Re: couple corrections of the couple corrections:
Paul A., on host 130.95.128.6
Thursday, August 5, 1999, at 07:47:35
couple corrections: posted by Brandon on Wednesday, August 4, 1999, at 22:12:59:
> > At the end, Dave lands on Jupiter and encounters the second monolith, > > Third monolith. The second monolith is in the Tycho crater on the moon. It plants the idea that > we have to travel to jupiter post haste > > > also left by these unseen aliens for us to find when the arc of human learning triggered by finding > > the first monolith progressed to the point where we could find it. > > Nope, that was the tycho crater.
True.
> the Jupiter crater was there to begin a new sun and new life once activated.
Not really. The Jupiter monolith was there to collect whoever came as a result of finding the Tycho monolith.
(It did become somewhat involved with the new sun thing later, but not until 2010.)
> > When Dave finds the second monolith, he is presumably raised to a new level of understanding > > about the universe -- some level of enlightenment as foreign to us as using tools is to > > terrestrial animals or pre-monolith ape people. > > nope. Dave is, to use a borg term, assimilated into the monolith and becomes sentient energy
...as part of the process of being raised to a new level of understanding and ability, as Sam said.
> The movie showed the fetus to indicate Dave was being reborn.
'Sright.
(I think Clarke suggests - in 2010, if memory serves - that the whole business with the hotel room and the Old Dave is him hallucinating wildly during the process of rebirth, which of course neither he nor we could really understand.

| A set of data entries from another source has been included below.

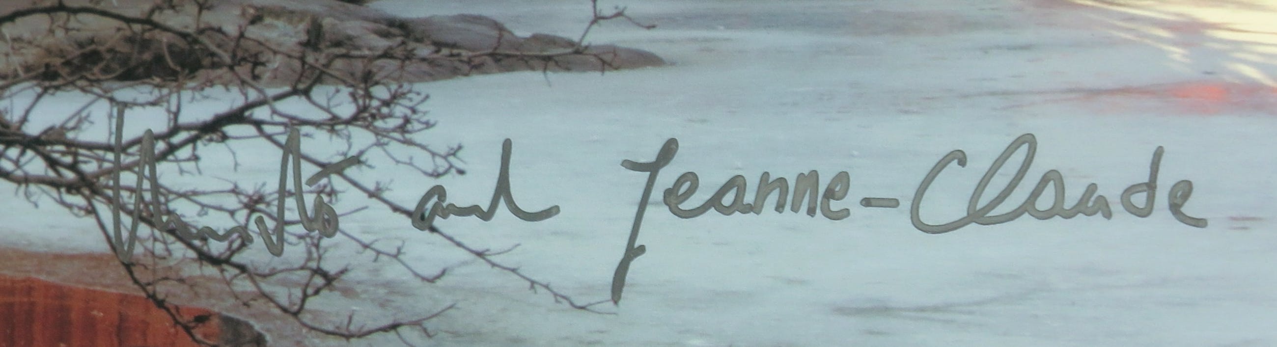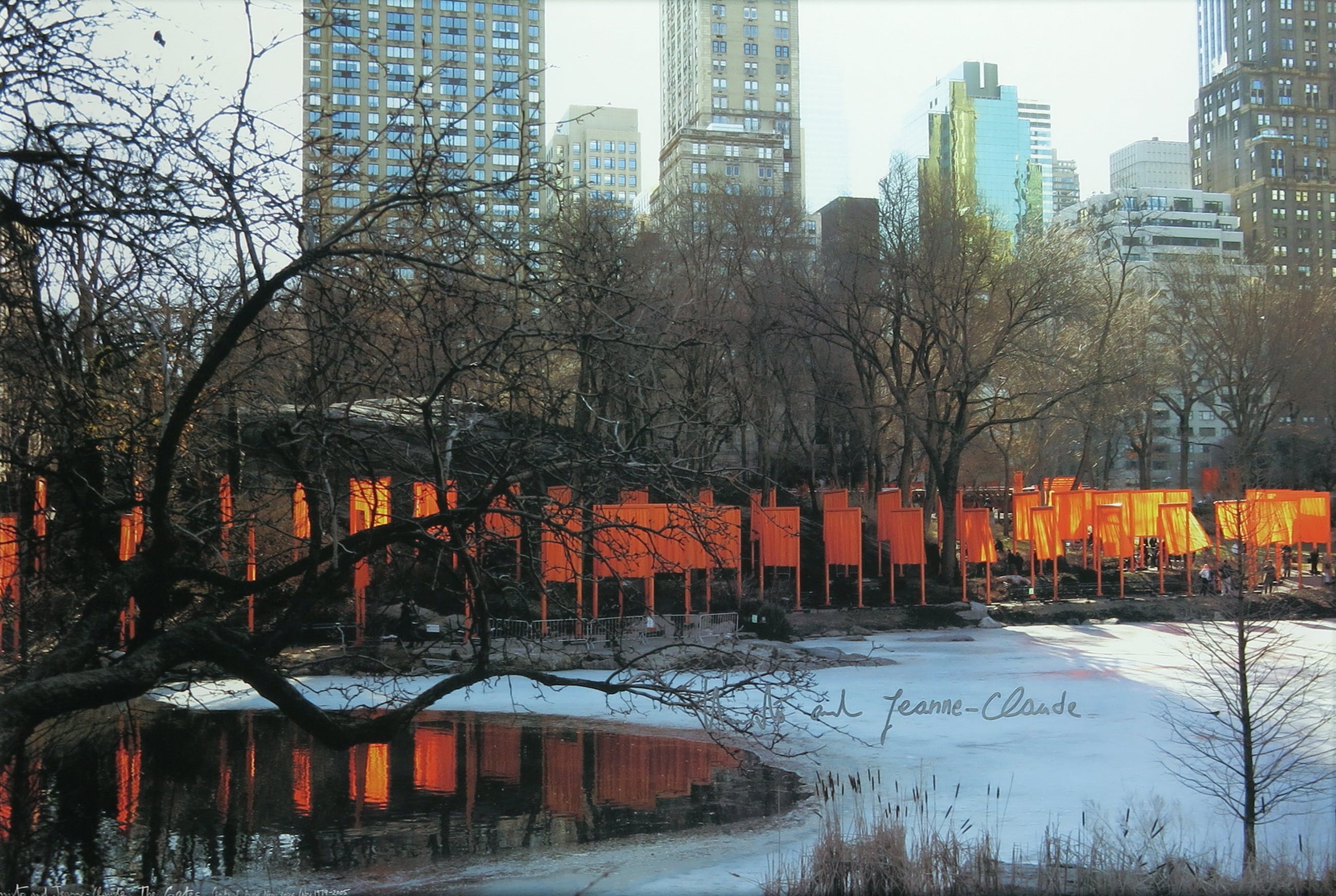 Deze door Christo en door Jeanne-Claude gesigneerde druk (offset) toont het kunstproject The Gates. Bij deze installatie werden meer dan 7500 panelen met vrij hangende oranje gekleurde stof - poorten - geplaatst op de wandelpaden in het Central Park in New York.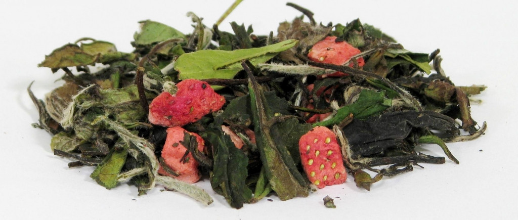 Składniki: herbata biała Pai Mu Tan, truskawki liofilizowane, aromat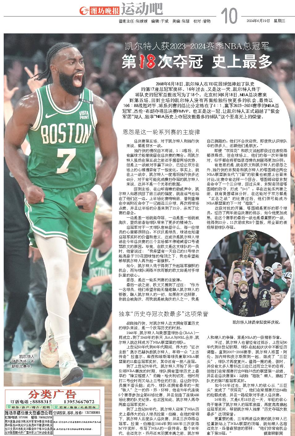 16年后,又是6月18日这一天,年轻的核心终于继承了凯尔特人的冠军底蕴,再度高高捧起总冠军奖杯,帮助凯尔特人独享“历史夺冠次数最多”这项荣誉。

That's Clarke's explanation, though - God knows what Kubrick thought it was about.)
> The book went further than the movie
(snip stuff about giant diamonds and Moms)
No it doesn't. It ends right where the movie does.
The bits you describe are in 2010.
> > But even then, that's a heck of a lot more of an explanation than the movie ever gives. > > agreed. the movie didn't do the book justice.
That's not really an appropriate thing to say, considering the circumstances under which the book and movie came about -- they were done simultaneously, with Clarke doing his take on the story, and Kubrick doing his own.
I will agree, though, that Clarke's version is somewhat more... accessible... to most people.